Te posicionas, la punta de tu verga rozando su entrada empapada. Entras despacio, centímetro a centímetro, su concha estirándose alrededor de ti como terciopelo líquido. Ambos gimen al unísono, el estirón perfecto, el llenado total. Ella empieza a moverse, subiendo y bajando, sus tetas rebotando libres ahora que le has bajado el vestido. Tú las agarras, pellizcando los pezones duros como piedras, chupándolos hasta que grita.

El ritmo acelera, sus nalgas chocando contra tus muslos con palmadas húmedas. El sudor nos cubre, salado en la piel, goteando entre sus pechos. El mar ruge afuera, sincronizándose con nuestros jadeos.

Esto es puro fuego, carnal. Su coño me aprieta como si no quisiera soltarme nunca.
Sientes el orgasmo construyéndose, una ola gigante en tu vientre. Ella va más rápido, sus uñas arañando tu pecho, su clítoris frotándose contra tu pubis.

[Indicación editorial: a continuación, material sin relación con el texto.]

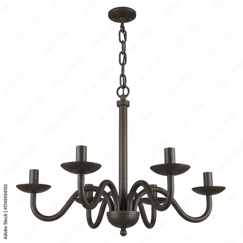 Isolated five light chandelier in a metal finish, ideal for home decor and interior design projects. It is on a transparent background for easy integration. #1745934155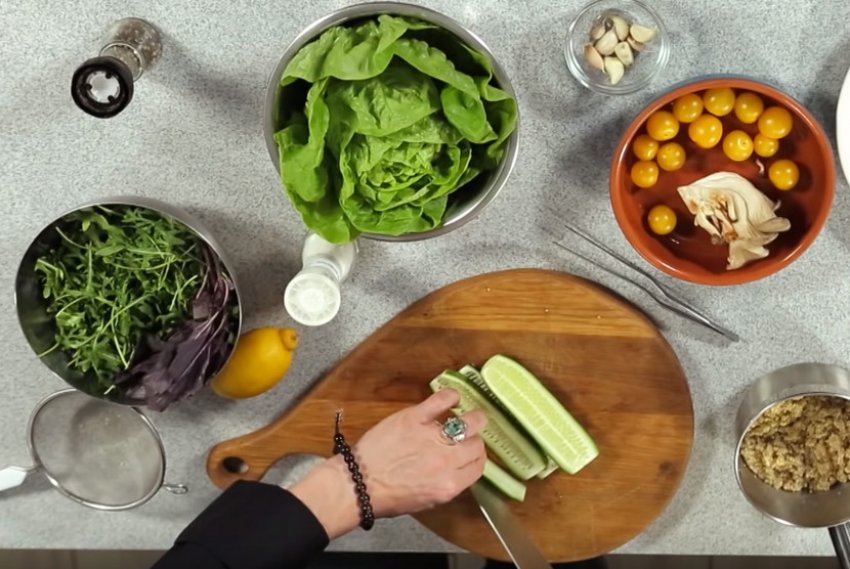 Дрібно посікти огірок, руколу і додати у відварену крупу. Посолити, заправити оливковою олією та соком лимона. Перемішати.![]()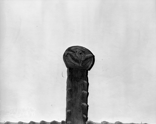 Assemblage à demi-enfourchement. Taillé (décor en bas relief).
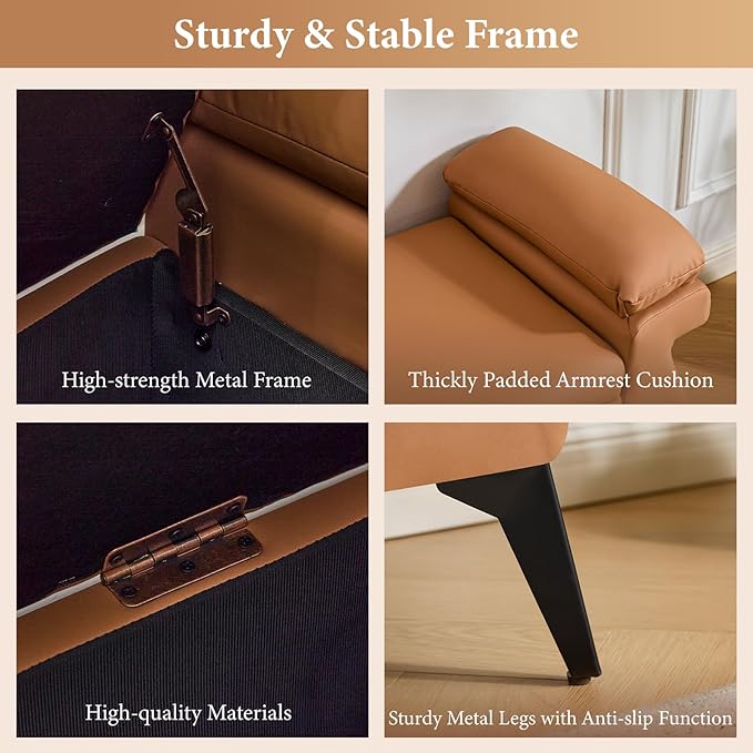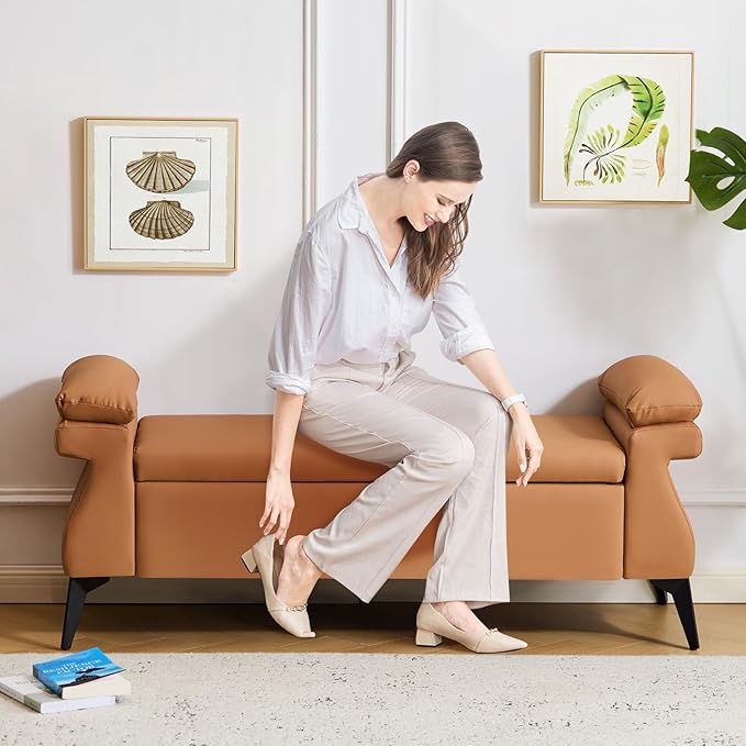 • ·Modern Design: Our storage bench features armrests with cushions, which are completely different from other conventional storage benches. It fully considers the user's experience and perfectly embodies the essence of true modern style. Its exquisite structure makes this bedroom storage bench reflect a minimalist style, emphasizing comfort and practicality. The entire end table of the bed is covered with a comfortable one-piece Fuax leather fabric, enhancing the modern design of this end table for the bed. The thick cushions on the armrests bring a unique innovation while maintaining a high level of comfort.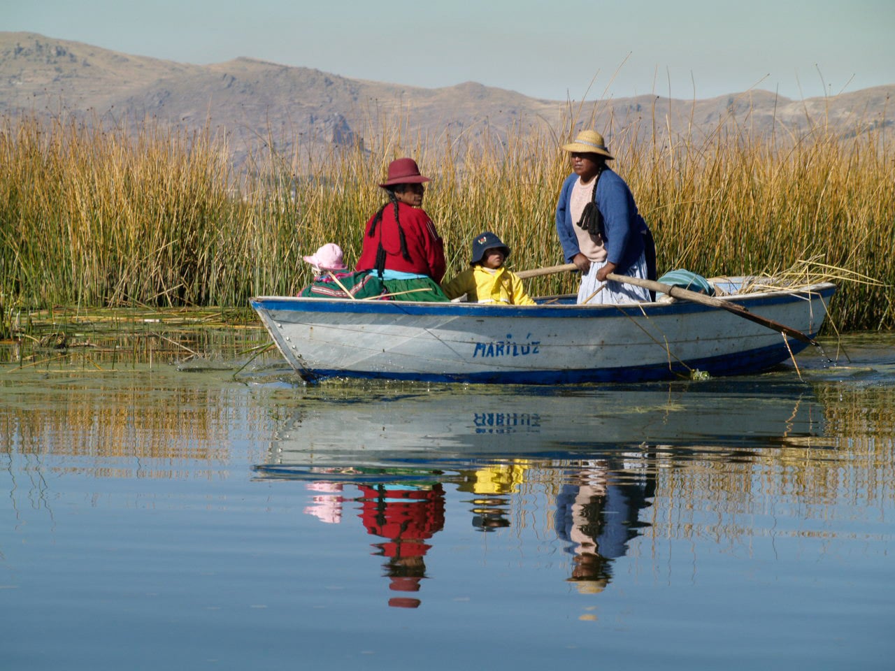 Σιγά σιγά αρχίσαμε να συναντάμε βάρκες. Μικρές, άλλες με κουπιά, άλλες με μηχανή. Πολλές τις οδηγούσαν γυναίκες, ντυμένες με τη χαρακτηριστική περουβιανή ενδυμασία: έντονα χρώματα, πλεκτά καπέλα, υφάσματα που ακολουθούσαν τον άνεμο.

—Me vengo, chingado... ¡vente conmigo!

Explota primero ella, su concha convulsionando, ordeñándote, chorros calientes mojando todo. Tú la sigues, vaciándote dentro en espasmos interminables, el placer cegador, el mundo reduciéndose a ese Mazda lleno de pasión marina. Gritas su nombre, ella el tuyo, cuerpos temblando unidos.

Se derrumban, jadeando, el afterglow envolviéndolos como niebla tibia. Marina se acurruca en tu pecho, su piel pegajosa contra la tuya, el corazón latiendo al unísono. El mar susurra paz, las estrellas asomando en el cielo negro.

—Eso fue mazda pasión marina de la buena —murmura ella, riendo bajito—. Mi carro nunca había visto algo así.

Tú la besas en la frente, saboreando el sudor salado.

Qué chingón fue esto. No sé si sea el principio o el fin, pero valió cada segundo.
Se visten despacio, robándose besos, prometiendo más vueltas en esa Mazda. El motor arranca de nuevo, llevándolos de vuelta a la marina, con el sabor de la pasión aún en los labios y el alma en llamas.